For Christians our blessing aren't primarily physical. In fact, as we have seen in the beatitudes, by following Christ we may very well suffer persecution and physical suffering on this earth. But our blessings are the love of God, the mercy of God, having a relationship with God and being promised a place in heaven.

The question is, are you in the position to receive God's blessing? It may be that you know that you don't have a personal relationship with God. You can come to Him today. The Bible says to become a child of God we have to do two things. John 1:12 says: "Yet to all who received Him, to those who believed in His name, He gave the right to become children of God." First we have to believe in Jesus Christ. We have to believe that He is all that He claimed for Himself, that He is the Son of God, that He died for our sins, and that He rose from the dead. But there is a second thing we have to do. We have to receive Jesus Christ as our Saviour.

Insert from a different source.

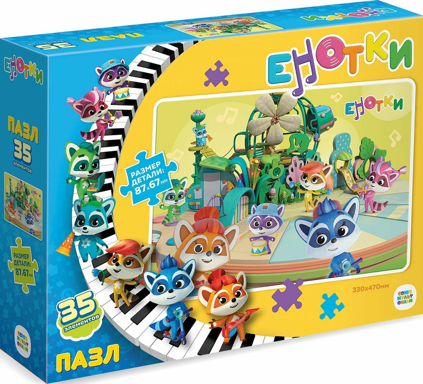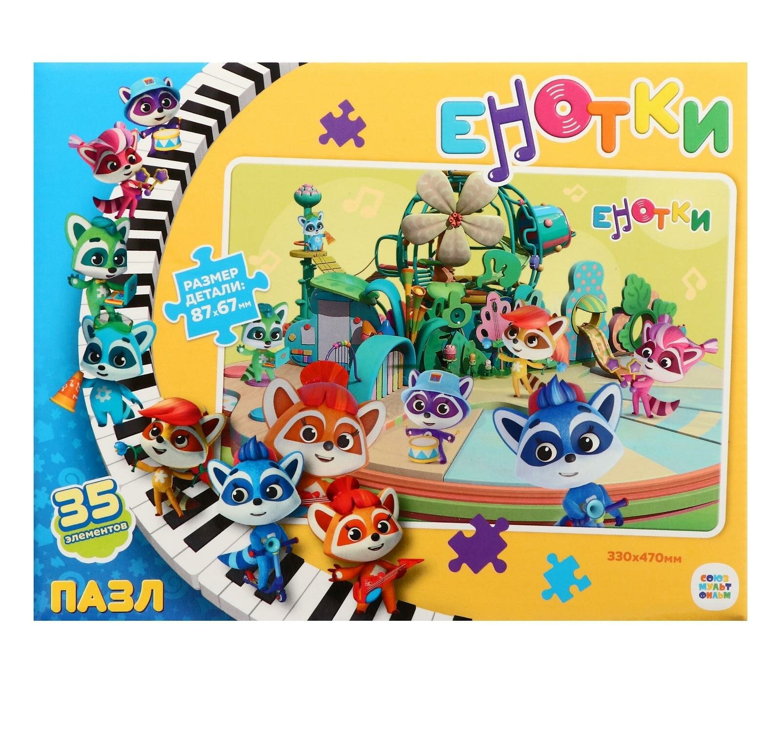 Большой пазл 35 элементов серии Енотки понравится любому ребенку, а сборка яркой картинки принесет радость не только малышам, но и их родителям. Крупные детали пазла удобно ложатся даже в самую маленькую ручку! Соберите всю коллекцию новых пазлов!

Not only to we have to believe certain facts, we have to come to a personal relationship with a person, with God, Himself. We do that by repenting, by confessing our disobedience and selfishness to God and turning from our old life. Instead we have to decide to live for Jesus Christ and His purposes, instead of for our own interests. Jesus Christ must become the master, the ruler of our lives. You can do that this morning.

But it may be that you already have a relationship with God. You may be a Christian here this morning and yet you aren't experiencing God's blessing in your life. You don't have the comfort of His love, the assurance of His forgiveness, the vibrancy of His presence, and the leading of the Spirit in your lives. It may that you're living in conscious disobedience to the will of God. Or it may be that you are trying to earn God's approval by doing good deeds. Whatever your situation, the solution is the same. We have to run to Jesus and throw ourselves on His mercy. We have to repent and give ourselves to Him. I'm going to give you an opportunity to do that this morning. Let's pray.